Le cas Hydro-Québec

Magazine Courants, janvier-février 1990

Au début des années 80, un professeur des HEC, Taieb Hafsi, et une étudiante au doctorat, Christiane Demers, se lancent dans un projet d’étude aux contours bien délimités : le désinvestissement
et la gestion de la compression dans les grandes entreprises, notamment celles du secteur public. Taieb Hafsi entend parler des nombreux changements en cours à Hydro-Québec. II prend alors contact avec des dirigeants de l’entreprise et commence une analyse fouillée de la situation.

En avril 1986, le PDG de l’époque, Guy Coulombe, lui demande où en sont ses travaux. L’idée d’un livre prend alors forme. À la fin de 1989, l’ouvrage est publié : Le changement radical dans les organisations complexes : le cas d’Hydro-Québec.

Changement total
Les deux chercheurs ont commencé leurs travaux alors que l’entreprise était en pleine restructuration.
« Nous sentions qu’à cette époque, la haute direction commençait à s’inquiéter de l’ampleur des changements, se rappelle Taieb Hafsi. Les gestionnaires constataient que les employés ne réagissaient pas aussi bien qu’ils l’avaient espéré. Mais, en même temps, ils étaient convaincus que ce qu’ils faisaient était dans le meilleur intérêt d’Hydro-Québec. Ils voyaient en nous des observateurs qui allaient comprendre et légitimer le bien-fondé de leurs actions. Chose certaine, leur ouverture a notre égard atteste de leur intégrité. »

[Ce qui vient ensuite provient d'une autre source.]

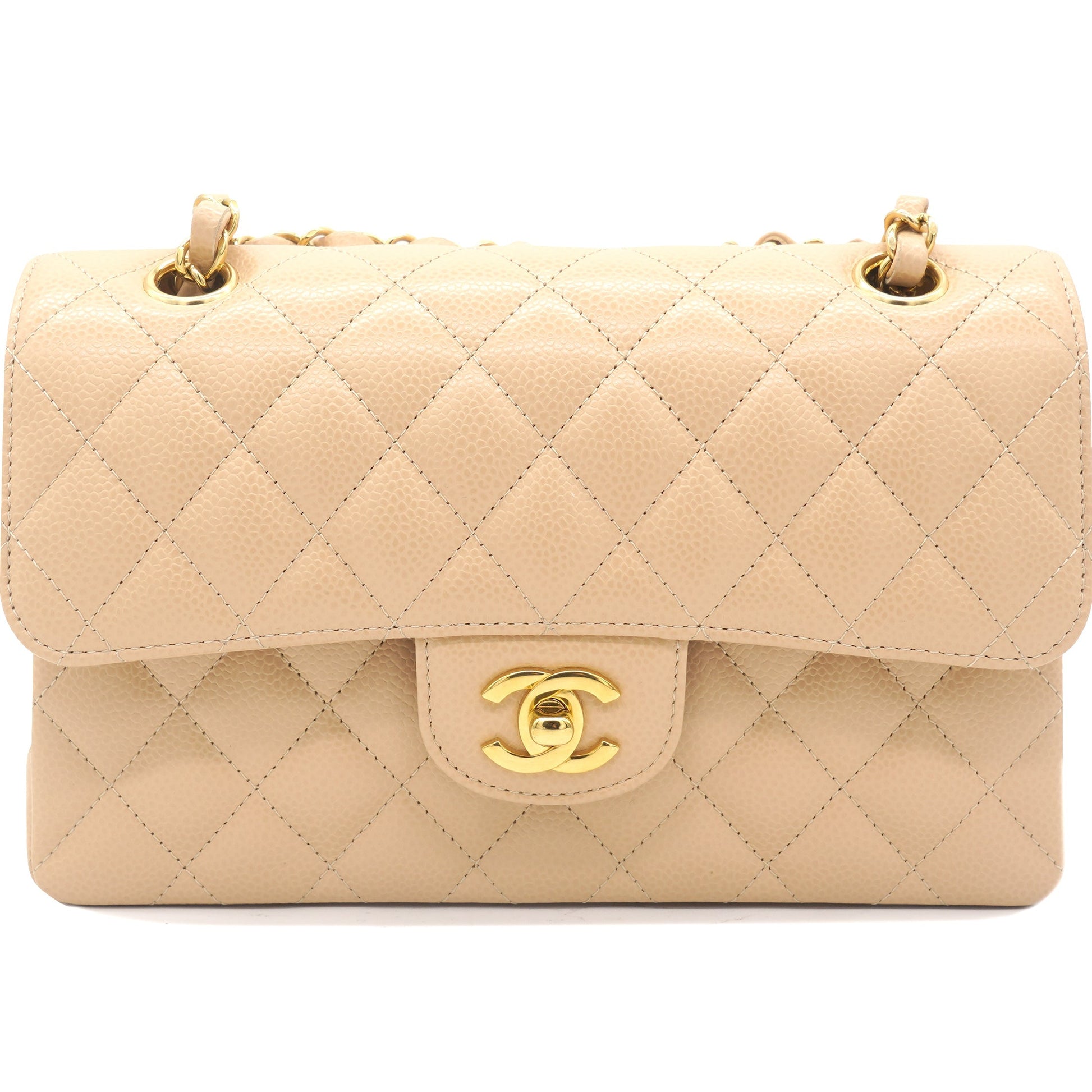 Chanel Caviar Quilted Small Classic Double Flap Beige

Taieb Hafsi et Christiane Demers écrivent que « le changement qui a pris place à Hydro-Québec est le plus total parmi les changements possibles dans une organisation ». II se situait au niveau de la culture, de la structure et de la stratégie.

Les auteurs dressent un bilan partagé des décisions prises par la haute direction. Le changement était impérieux, ce que reconnaissaient d’ailleurs tous les employés. Les actions entreprises ont été soutenues, cohérentes et elles ont permis à Hydro-Québec d’avoir la flexibilité nécessaire pour mieux faire face aux exigences de l’environnement, de garder sa sante financière et d’être gérée de façon professionnelle.

Toutefois, Taieb Hafsi et Christiane Demers soulèvent la question des conséquences psychologiques des changements apportes. Ils écrivent ceci : « Ce qui a probablement manqué le plus au processus de changement, c’est justement une certaine sensibilité aux coûts du changement pour les personnes. Les employés ne subissaient pas de dommages matériels, puisqu’ils ne perdaient pas leurs emplois, mais les dommages psychologiques ont été très importants. »

L’ampleur du changement, son rythme, son application ont été perçus par les employés comme un acte d’agression, d’où la résistance et la non-coopération. « Dans l’esprit des dirigeants, mentionne Christiane Demers, le fait que les employés ne perdaient pas leurs emplois était garant de la dimension humaine des actions entreprises. »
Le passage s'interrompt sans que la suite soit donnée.